Hein?? C'est impossible!!! 12 seulement?

westinia a dit…

Coucou!

En faisant une recherche des mots "horloge pain d'épices", je suis tombé sur votre blog. J'ai adoré votre texte sur la joie de décorer son intérieur avec des objets du passé. Je suis fascinée, touchée et charmée par les antiquités. Qu'elles viennent de ma famille ou de celle de mon mari ou que nous les ayons acquises lors des nombreuses visites dans les villages du Québec. J'aime lire des textes comme les vôtres ou la passion que je ressens me semble partagée.

J'ai également mon horloge pain d'épices. Je les trouve toutes belles. Et, pour en avoir vu beaucoup lors de nos voyages au Québec, je peux vous affirmer qu'il y en a plus qu'une douzaine qui "tictac" encore. Lorsque j'ai choisi la mienne, il y avait 10 autres et toutes différentes. J'ai consulté un album de photos contenant une centaine de photos de ce type d'horloge. Toutes vendues ici au Québec... Nous sommes plusieurs à partager cette passion pour les objets qui comme vous le dites si bien:"Ont tellement de vécu, qu'ils en sont vivants".
Merci pour ces textes rafraîchissants.

Diane

La Mère Michèle a dit…

Merci de votre votre visite!!!

Quand on parle de 12 horloges, on parle de 12 modèles ou de 12 exemplaires????

westinia a dit…

Bonjour chère mère Michèle,

Je n'ai pas trouvé de l'information concernant les douzes horloges du Québec.

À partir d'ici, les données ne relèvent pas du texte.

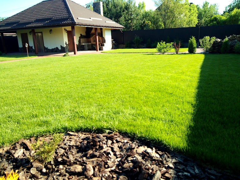 Територію розбито доріжками на окремі частини які в свою чергу підкреслені цікавими клумбами та рокаріями. Завдяки рулонному газону територія швидко набрала завершеного вигляду та потребує мінімум зусиль до догляду так як всі насадження були замульчовані корою та декоративними засипками.
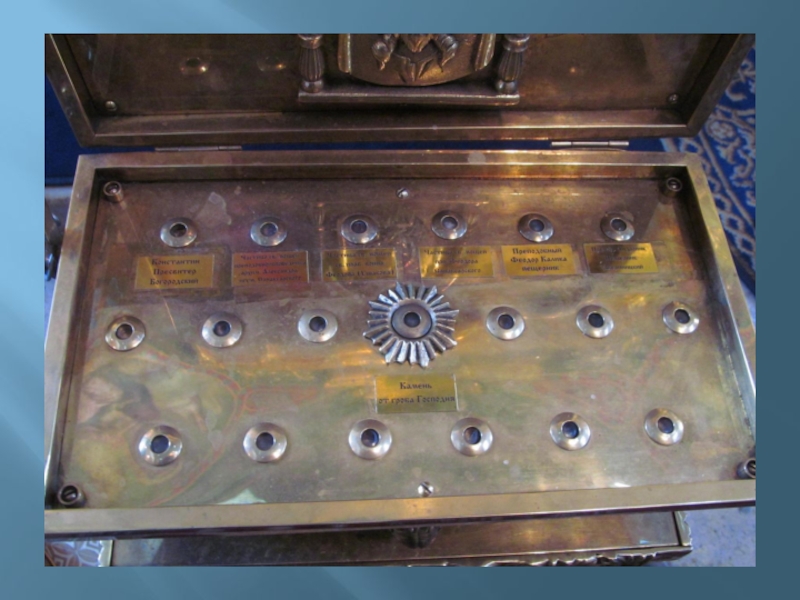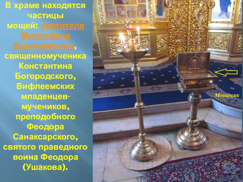 Слайд 49В храме находятся частицы мощей: святителя Митрофана Воронежского, священномученика Константина Богородского, Вифлеемских

Ce que je sais, c'est que plusieurs détaillants comme Ingraham, Waterbury, Ansonia, New Haven et etc. ont produit différents types d'horloges dont la pain d'épice. Il semble que les détaillants avaient plusieurs lignes d'horloge pain d'épice. Il semble aussi que chaque ligne était renouvelée à chaque année. Moi, j'ai une New Haven, la ligne Patrol Line. J'ai trouvé des photos de la Patrol Line et aucune n'était identique à la mienne car elles n'ont pas été créées la même année.

Si ça vous intéresse, vous trouverez à l'adresse suivante, des centaines de photos d'horloge pain d'épice. Je n'ai pas trouvé la mienne... Peut-être trouverez-vous la vôtre?

http://www.antiqueclockspriceguide.com/indexlinks.php?clocktype=kitchen

J'en profite pour vous souhaiter un joyeux Noël et une bonne année ainsi qu'aux vôtres!